# Hi all



## MrOrk (Apr 17, 2018)

Hello, just another lurker that seeks advice and would love to be able to give some in time. I've been using my unmodified Silvia/Rocky daily now for 18 months sometimes with spectacular results most of the time not so.

My favourite passtime is to hunt down coffee shops in nearby towns and city's.

I was thinking of upgrading machine, but have decided to upgrade grinder first and see how it goes, Something from Mazzer perhaps. Anyways that's me, cheers


----------



## johnealey (May 19, 2014)

Welcome @MrOrk

You've certainly come to the right place if you're looking for lots of ideas









Have a good read round and will find that Mazzer is not the only fruit, just one of the better known ones. Bear in mind though that they will be bigger than your Rocky, possibly with a doser attached (or modified version thereof).

You are however on the right track of grinder first though as after Beans>Water this will have the most effect in the cup and on your taste buds. You could choose to also look into modifications for your rocky to make it stepless and give it a new set of burrs ( they wear our surprisingly fast in a rocky), can get original burrs from someone like Bella Barista for approx. £19 plus postage (if out of stock call them as they will order / tell you when they coming in). Could be worth a visit for you to collect as will also get to see what you may want to look at machine / grinder wise if planning on buying anything new.

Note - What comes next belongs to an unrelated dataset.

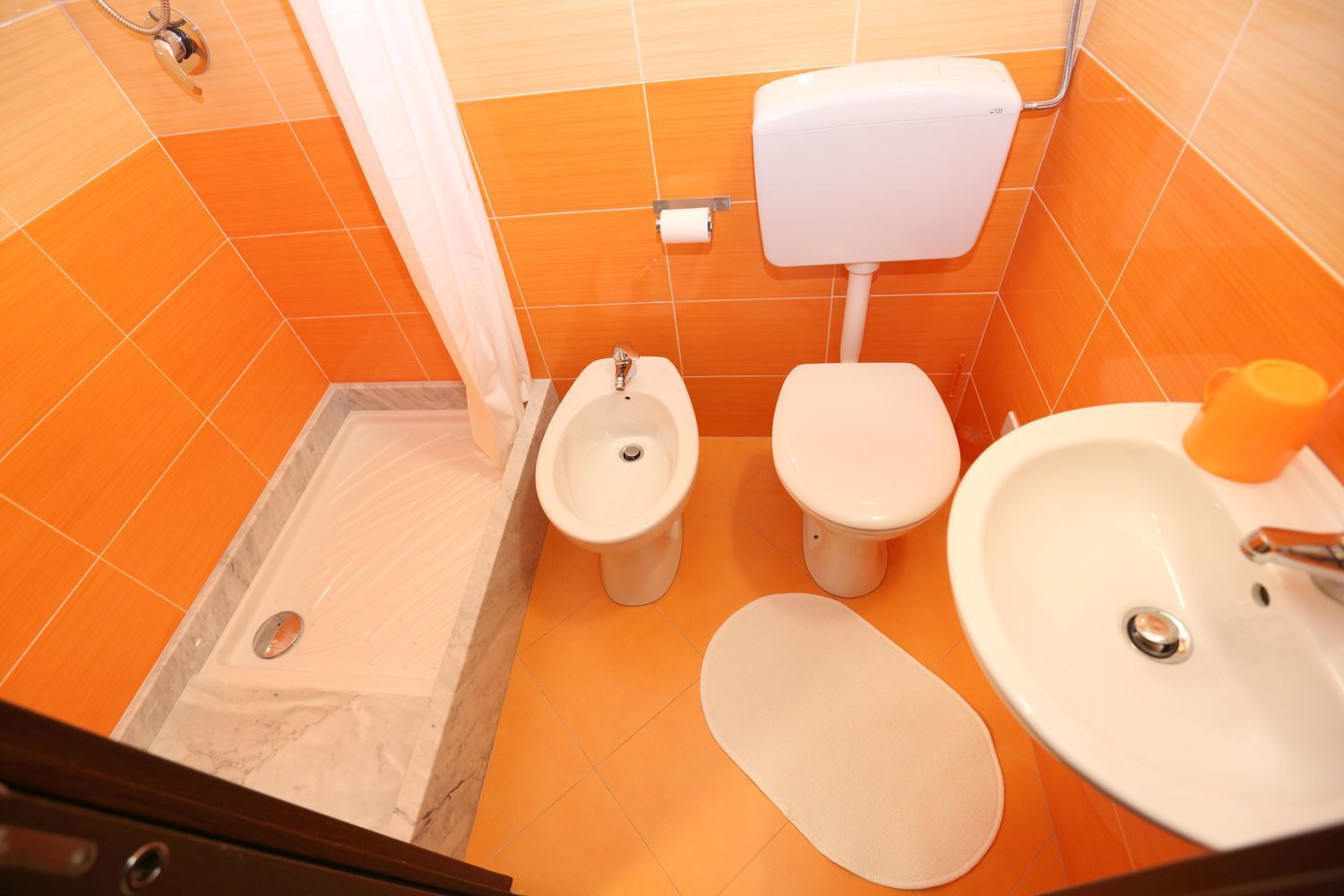 The bathroom has a shower, toilet, bidet and washbasin.

Dependant on your budget / desire to stick with the Silvia there are some PID devices from different sources that will help to overcome at least the temperature surfing issue, mine was PID'd by a friend as a one off and makes it more friendly although still have to wait for the steam element (and remember to refill the boiler with water!)

Plenty to think on and welcome again

John


----------



## eddie57 (Mar 21, 2017)

Hi mate welcome to the forum


----------



## MrOrk (Apr 17, 2018)

Hi @johnealey , thanks for the reply. I believe my rocky most certainly could do with being treated to a new set of burrs as it seems to take longer to grind its 18g. That's the only sign my untrained eye has picked up on anyway. As for modifying, I really do fancy improving both and reaping the rewards. No doubt my knowledge and pallet will improve along with it ( I do like the idea of the mecoffee pid, but support seem sporadic?) also I like to get my hands dirty and acquire mechanical understanding, on the other hand I do feel the money/time spent on the mods might be best spent on upgrading? Definitely things to consider.


----------



## coffeek (Oct 29, 2018)

Hello from a fellow greenbreen


----------